Kurzwellige Weihnachtsgrüße

Seit 60 Jahren verbindet eine NDR-Sendung Seeleute und ihre Familien zu den Feiertagen

  • Dorit Koch
  • Lesedauer: 4 Min.
An jedem Heiligabend schlägt der NDR mit »Gruß an Bord« eine Brücke zwischen Seeleuten und ihren Familien. Selbst der erste Schrei eines Babys wurde schon auf die Weltmeere gefunkt.

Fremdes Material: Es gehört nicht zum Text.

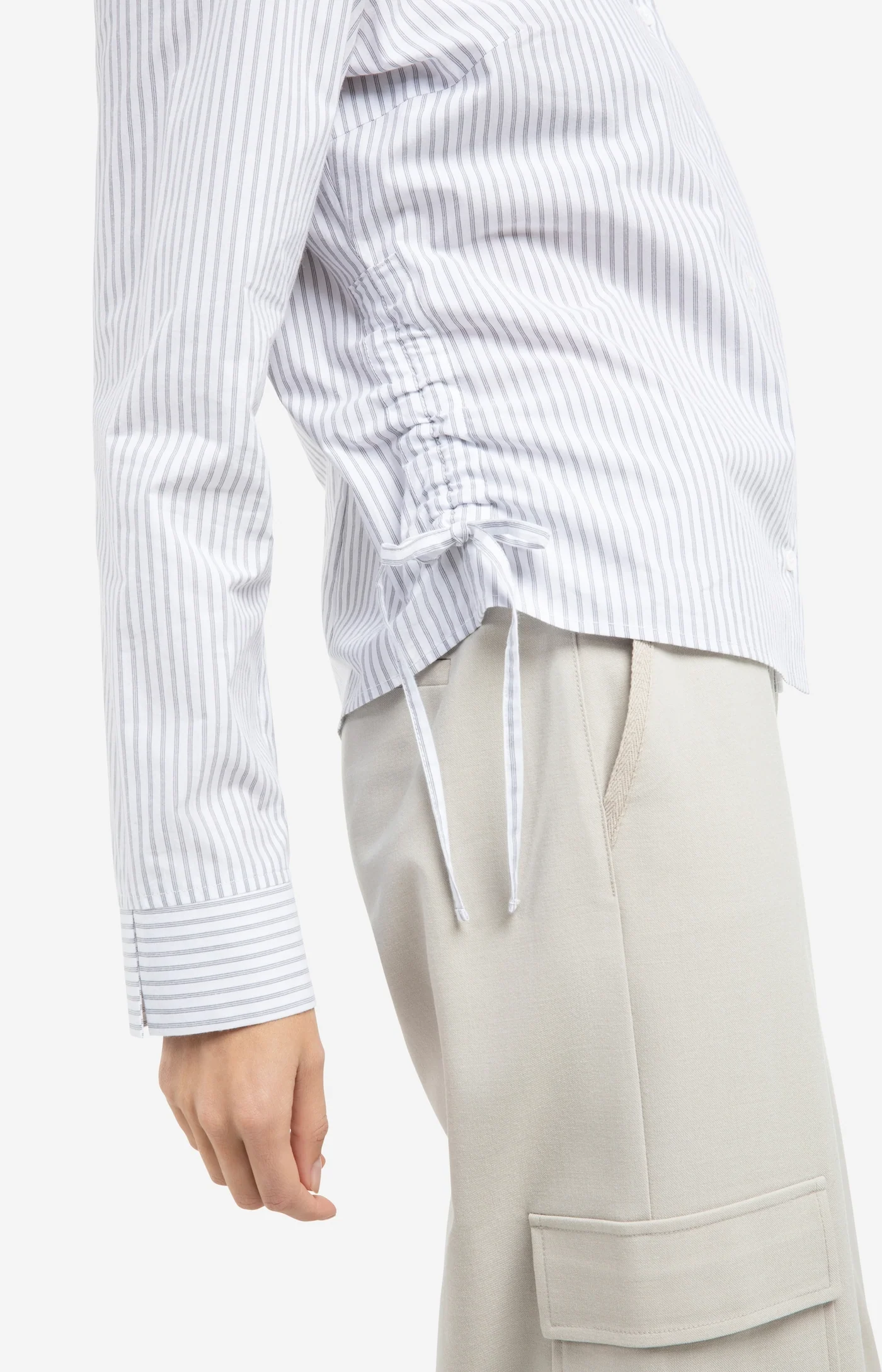 Cette chemise à rayures a une coupe cintrée, un col classique et des manches longues aux manchettes larges. Les liens sur les côtés vous permettent d’ajuster la coupe à la taille pour flatter votre silhouette. Les rayures horizontales sur les manchettes apportent une touche chic à la pièce. Une chemise tendance à porter dans des tenues professionnelles ou plus décontractées.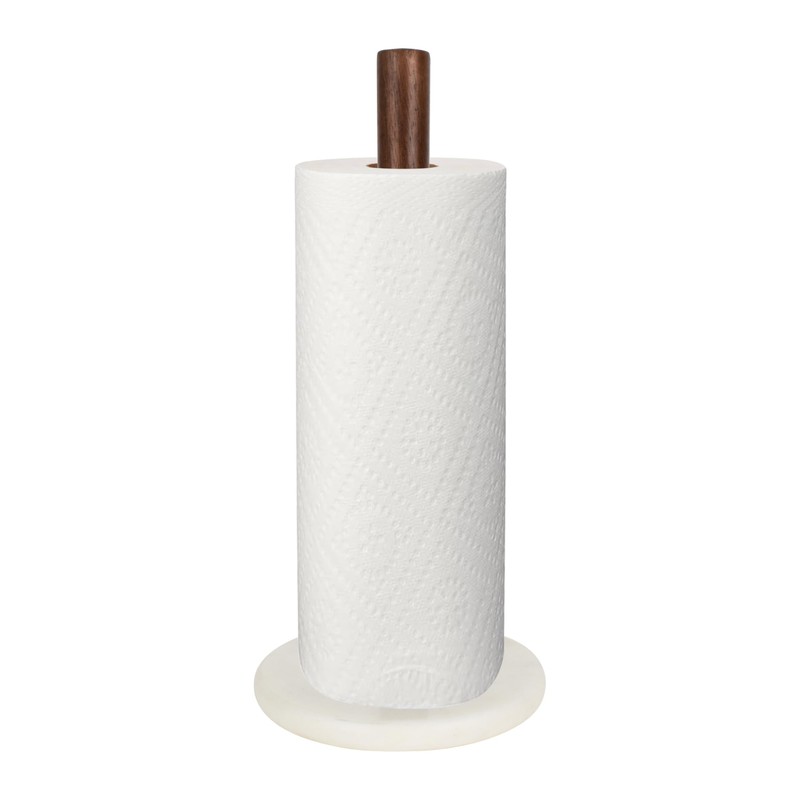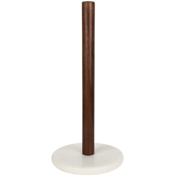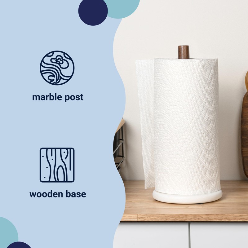 happimess PRH2000B Avery Modern Classic Wood with Non Slip Weighted Marble Base Paper Towel Holder, for Bathroom Kitchen Countertop, Standard or Jumbo-Sized Roll Paper, White/Natural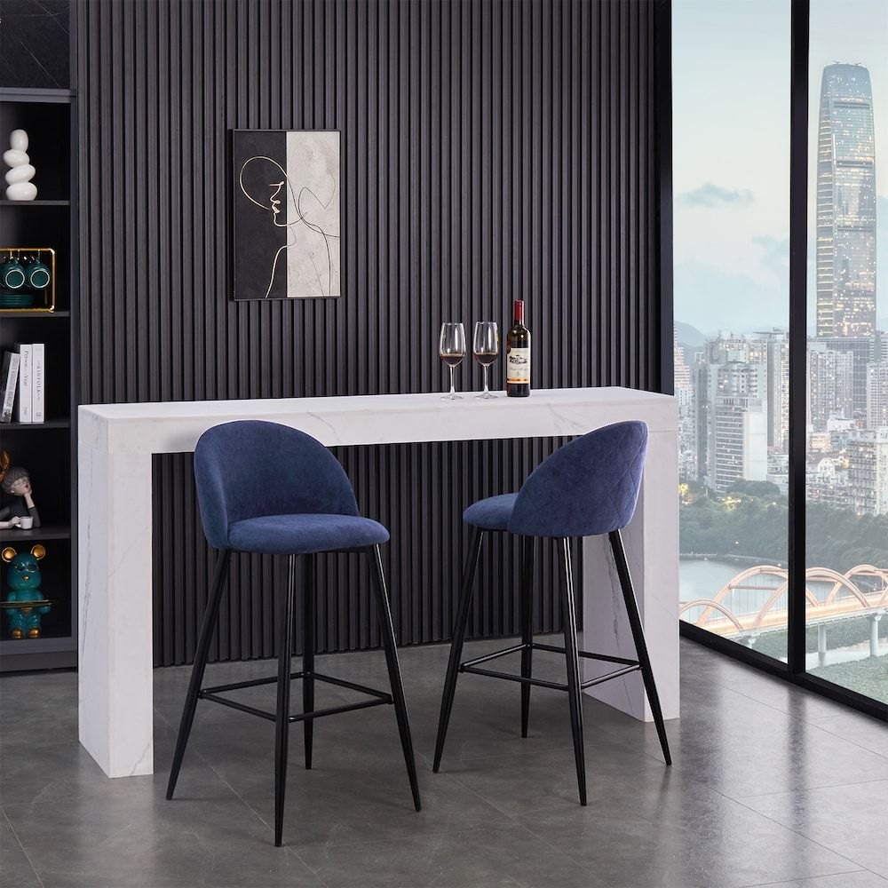 Teak wood seat frame cushion velvet blue color round seat and low round black metal powder coated black color 4 legs with footrest 30 inches height home, restaurant, office, bar and hotel bar counter chair manufacturer and designer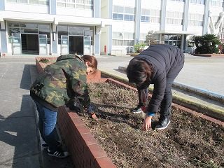 本日、校内除草(ビューティーフラワーズ)でプール前花壇の除草作業をしていただきました。花壇は冬になり枯れている植物が目立っていたのですが、すっきりきれいにしていただきました。レンガ花壇には、チューリップの球根も植えていただき、暖かくなって花を咲かすのが今から楽しみです。寒い中でしたが、本当にありがとうございました。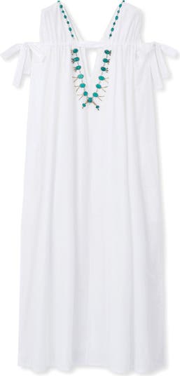 The Afef dress is a celebration of warm climates and tropical getaways. Made from light cotton, it’s designed to keep you cool and comfortable. Its flowing shape moves gracefully as you enjoy the sea breeze. The open back adds a touch of allure, while the deep V-neck, adorned with turquoise stones and hand-applied silver, captures the essence of exotic beauty. With this dress, you’ll be ready for a summer adventure, crafted in Italy by Fortela .
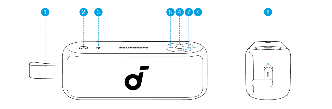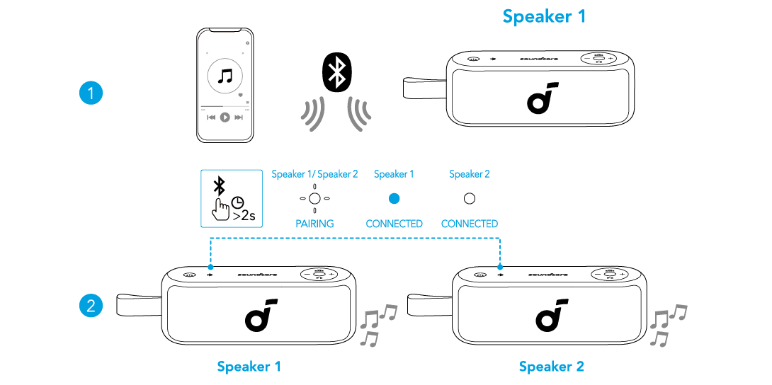 Deux haut-parleurs soundcore identiques peuvent être associés pour un son stéréo. Les deux enceintes peuvent diffuser le même son (l’une comme canal gauche et l’autre comme canal droit).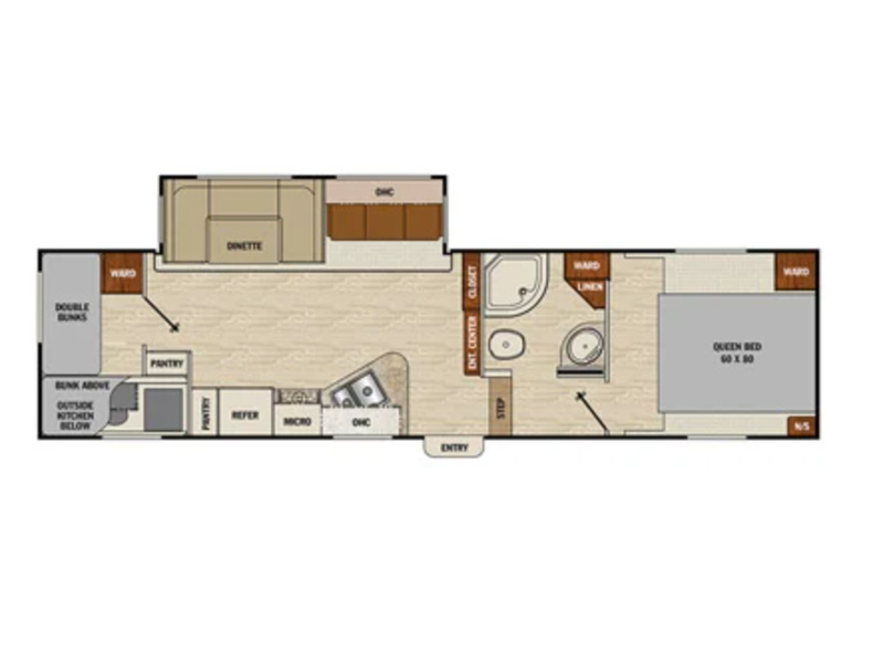 On the opposite side of the room you will find a slide out u-shaped dinette and sofa with overhead storage. Both can be made into additional sleeping space if needed at night. A nearby entertainment center can be easily viewed from any seating in the room. The convenient wardrobe next to the TV is just one of many storage spaces throughout the unit.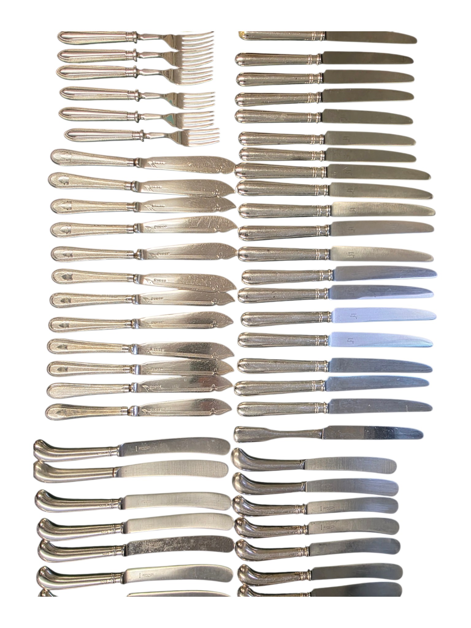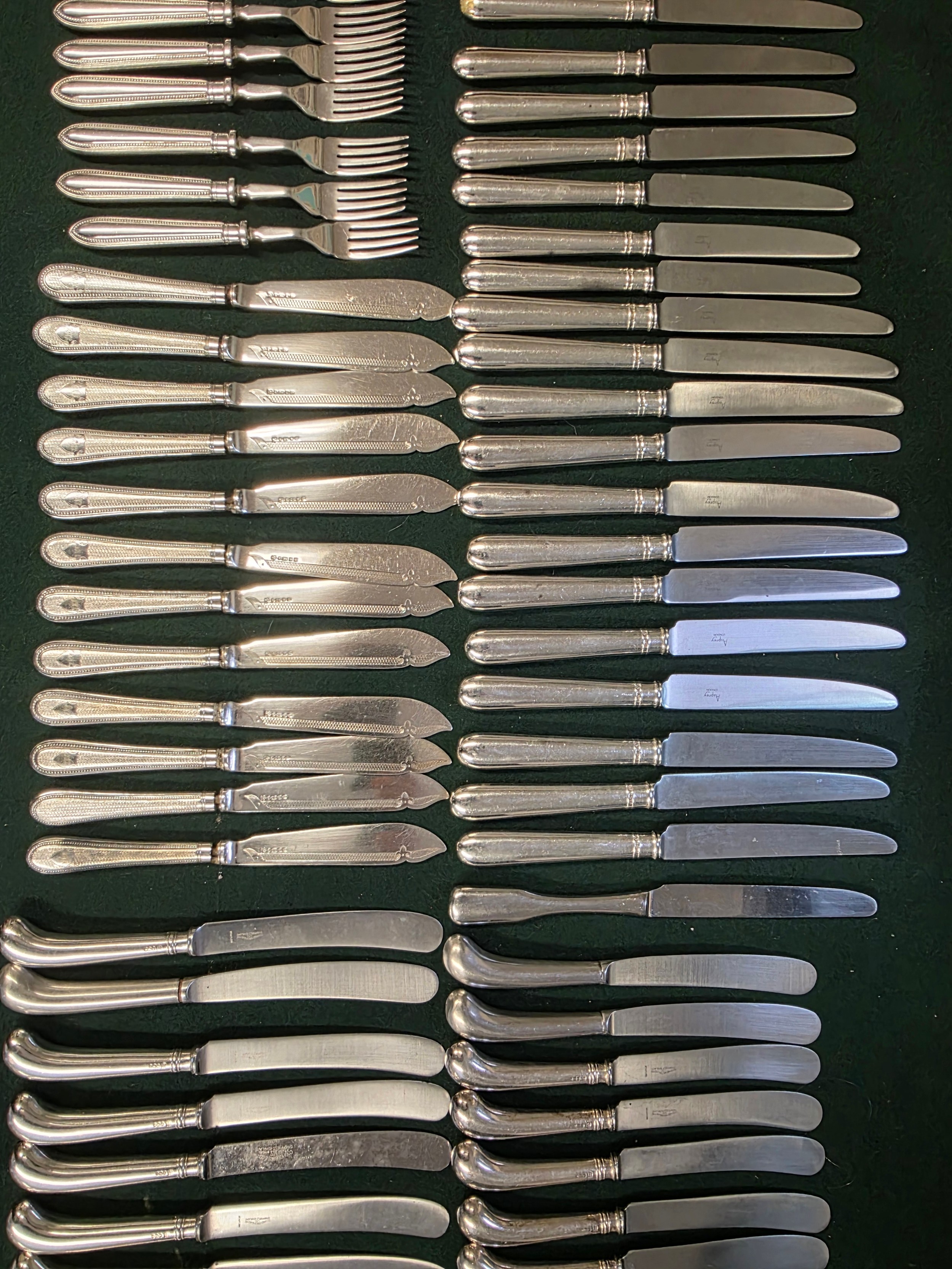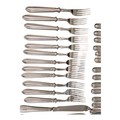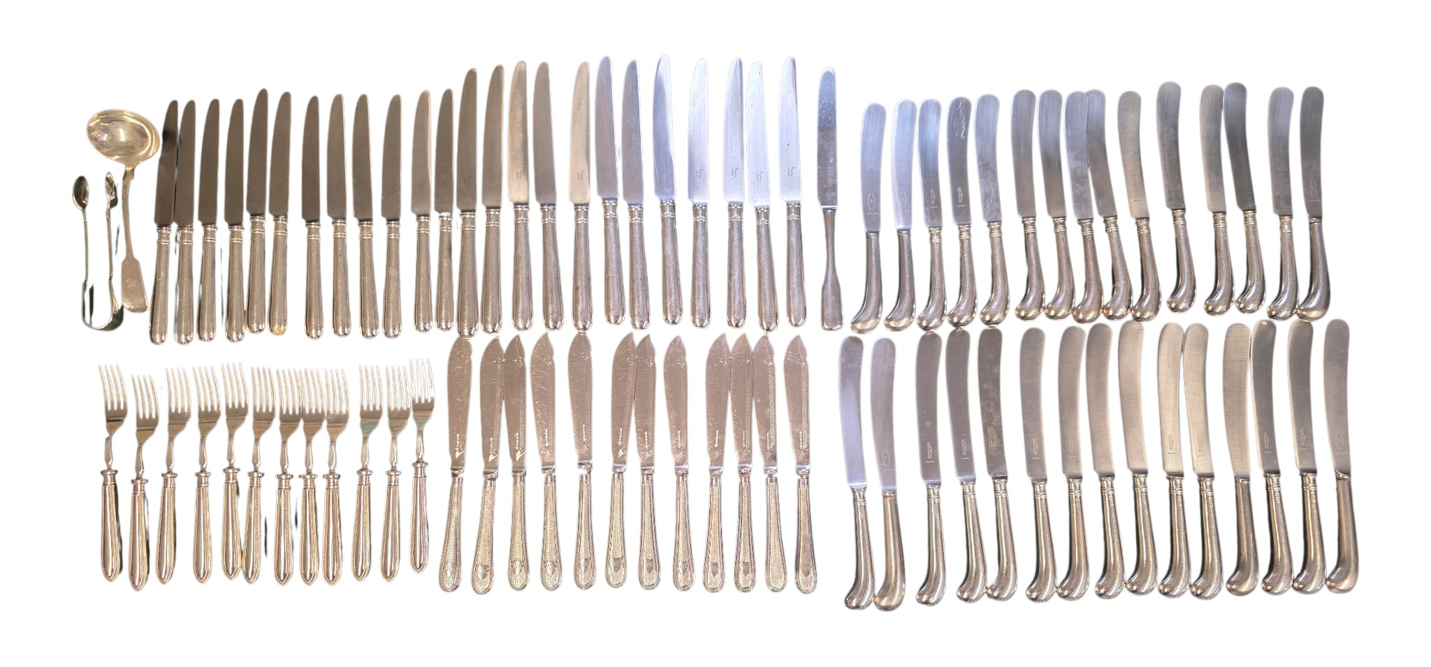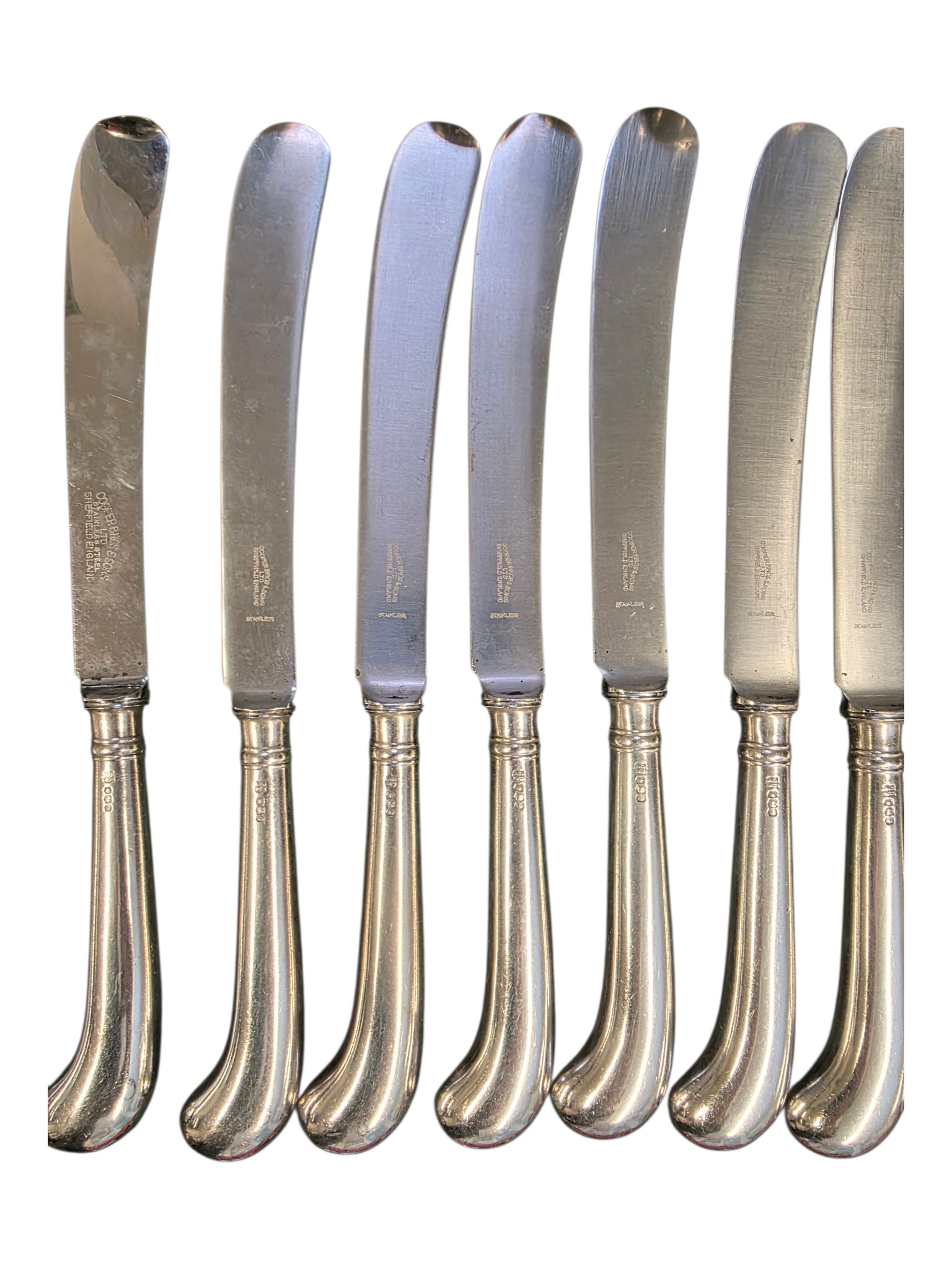 A collection of sterling silver and white metal handled knives, two of the sets by Asprey's .

Weihnachten auf den Weltmeeren unterwegs - und doch mit der Heimat und den Angehörigen verbunden: Die Radiosendung »Gruß an Bord« gehört beim Norddeutschen Rundfunk (NDR) zum Heiligabend wie »Dinner for One« zu Silvester. Seit nunmehr 60 Jahren können die Familien daheim auf diese Weise ihre Angehörigen auf Schiffen grüßen - in einem der ältesten Radioklassiker überhaupt.

Auch in Zeiten von Internet und Handy sei das Interesse an den persönlichen Botschaften noch groß, sagen die Macher und setzen die Tradition auch heuer fort. Doch Moderator Herbert Fricke, seit 35 Jahren »Stimme der Seeleute«, geht nach der Ausstrahlung am 24. Dezember auf den Sendern NDR 90,3 und NDR Info von Bord.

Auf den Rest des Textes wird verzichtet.